■ **Assignment**: What you return should be the complete data below, word for word, with no pictures in it.

■ **Exercise data**:
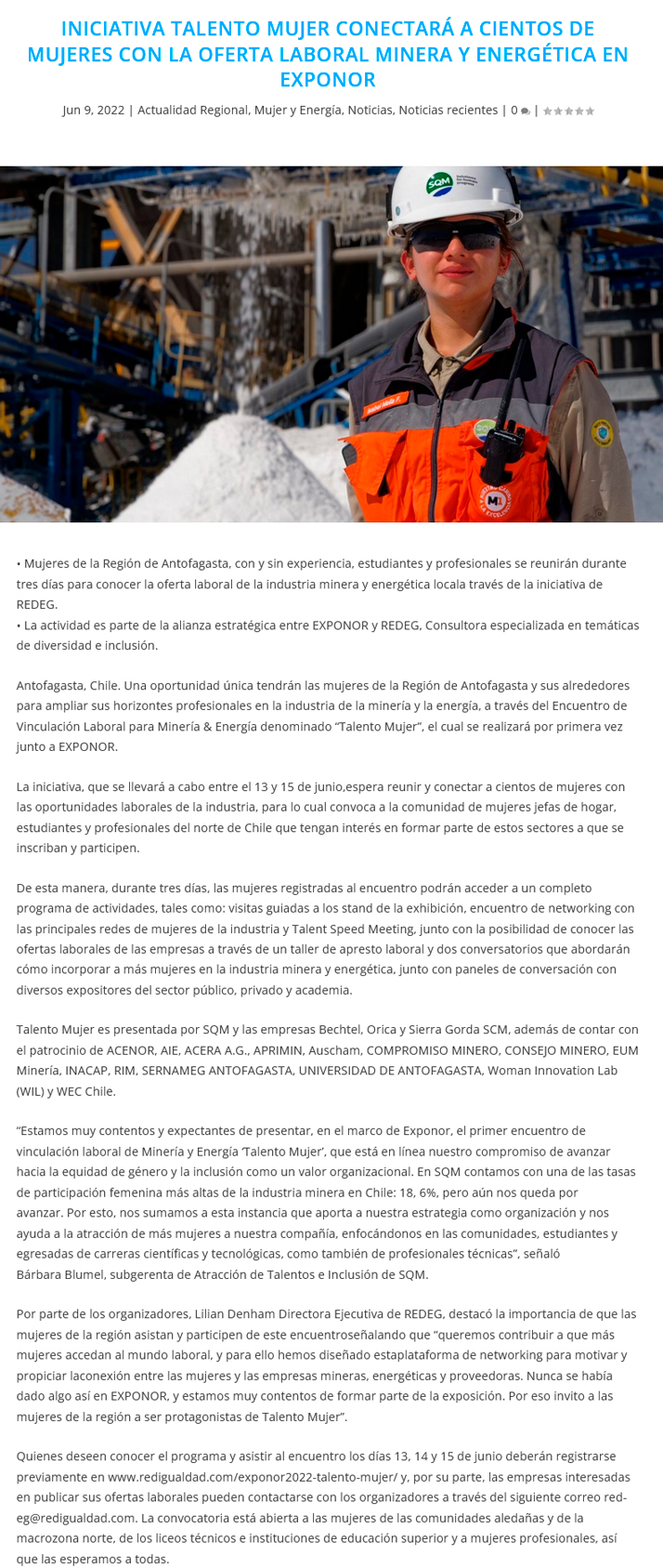 Iniciativa talento mujer conectará a cientos de mujeres con la oferta laboral minera y energética en EXPONOR - (ceinoticias.cl)
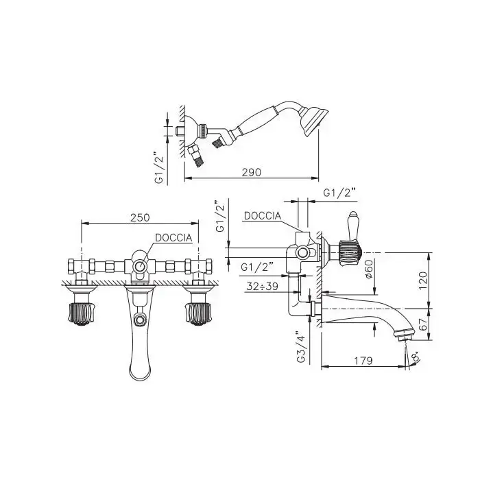 Nicolazzi Onice Смеситель для ванны с 2мя ручками, встроенный, вкл. внутр часть + комплект руч. душа, цвет: золото
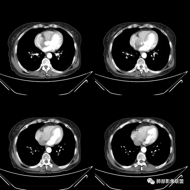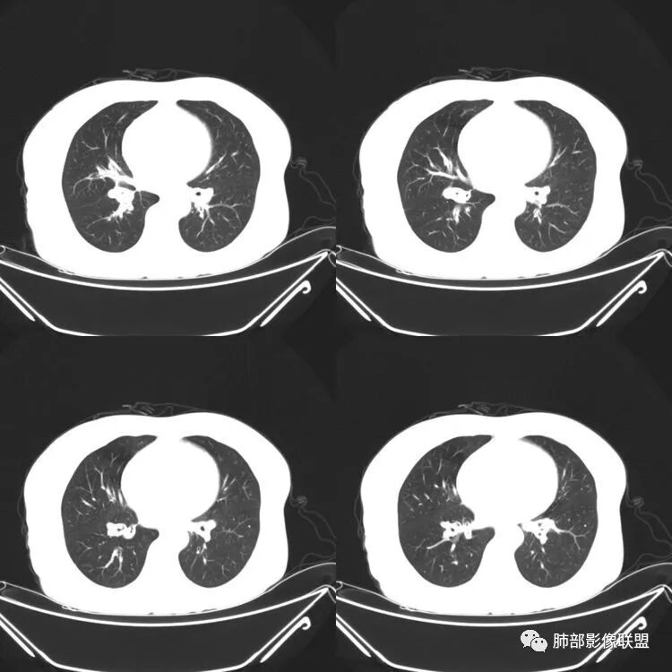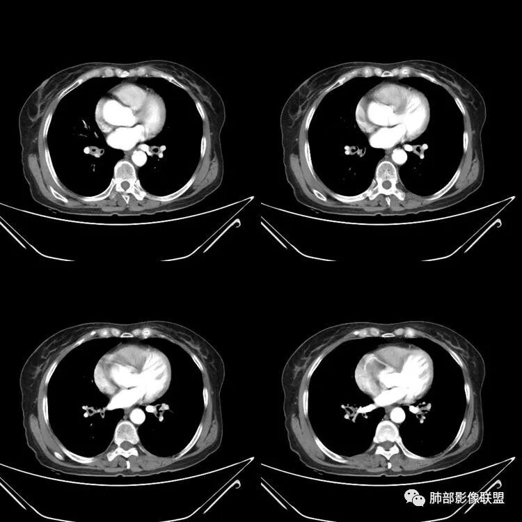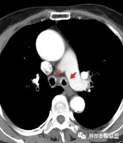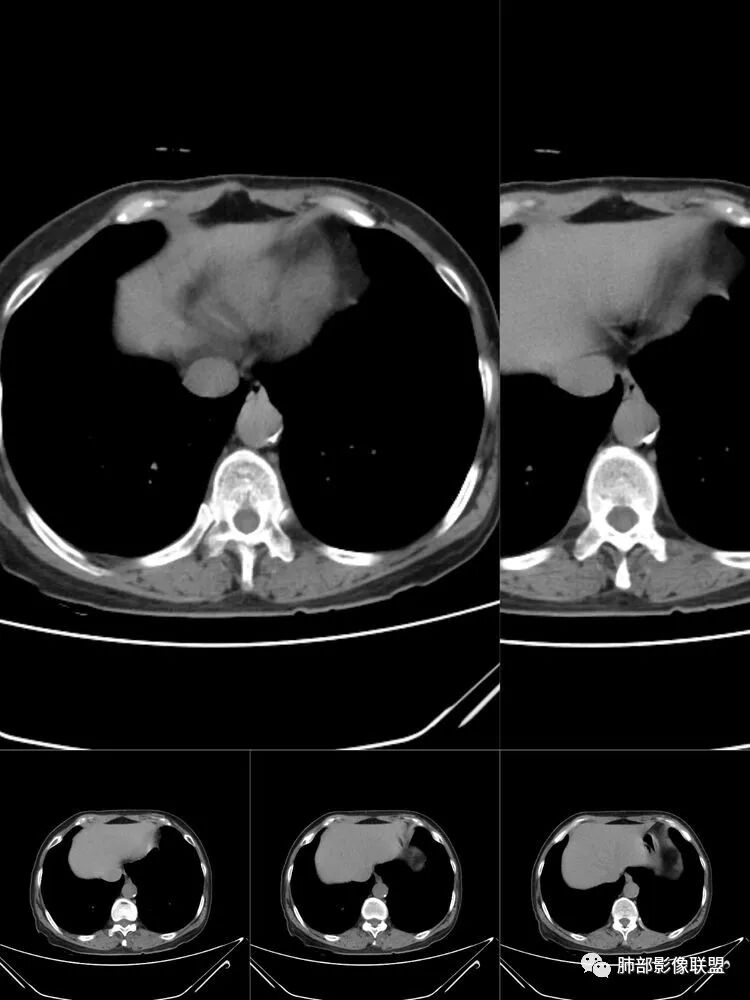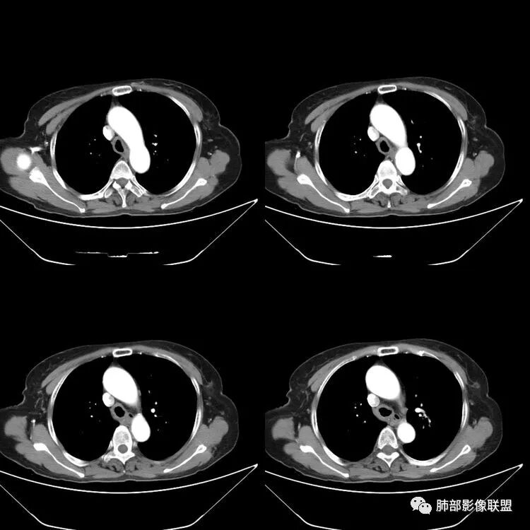 患者,女,64岁,反复咳嗽、咳痰、胸闷10年,加重2周。气管支气管及两肺下叶 支气管弥漫性的环状增厚,管腔扩张,管腔感觉比较松弛。第一感觉,气管支气管淀粉样变。鉴别诊断,1、支气管内膜结核,肺内散在一些支气管的播散病灶,粟粒结节为主,形态比较单一。2、复发性的多软骨炎,就得了解一下其他部位,有没有多个部位的软骨炎。这个病人右侧胸廓缩小,升主动脉明显的扩张,其横径明显的超过了降主动脉。
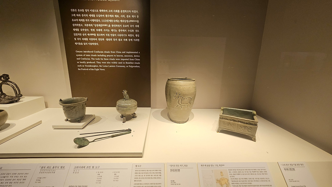 성종은 유교를 정치 이념으로 채택하였다. 중국예제를 도입하여 환구제와 태묘 사직 문묘 제사를 시행하였다. 제기는 중국에서 수입하거나 송의 예서를 참고하여 직접 만들었다. 왕실 국가 의례, 연등회 팔관회등 불교의례에 이러한 제기들을 사용하였다.

■ **Solved problem**:
 Iniciativa talento mujer conectará a cientos de mujeres con la oferta laboral minera y energética en EXPONOR - (ceinoticias.cl)
 Nicolazzi Onice Смеситель для ванны с 2мя ручками, встроенный, вкл. внутр часть + комплект руч. душа, цвет: золото
 患者,女,64岁,反复咳嗽、咳痰、胸闷10年,加重2周。气管支气管及两肺下叶 支气管弥漫性的环状增厚,管腔扩张,管腔感觉比较松弛。第一感觉,气管支气管淀粉样变。鉴别诊断,1、支气管内膜结核,肺内散在一些支气管的播散病灶,粟粒结节为主,形态比较单一。2、复发性的多软骨炎,就得了解一下其他部位,有没有多个部位的软骨炎。这个病人右侧胸廓缩小,升主动脉明显的扩张,其横径明显的超过了降主动脉。
 성종은 유교를 정치 이념으로 채택하였다. 중국예제를 도입하여 환구제와 태묘 사직 문묘 제사를 시행하였다. 제기는 중국에서 수입하거나 송의 예서를 참고하여 직접 만들었다. 왕실 국가 의례, 연등회 팔관회등 불교의례에 이러한 제기들을 사용하였다.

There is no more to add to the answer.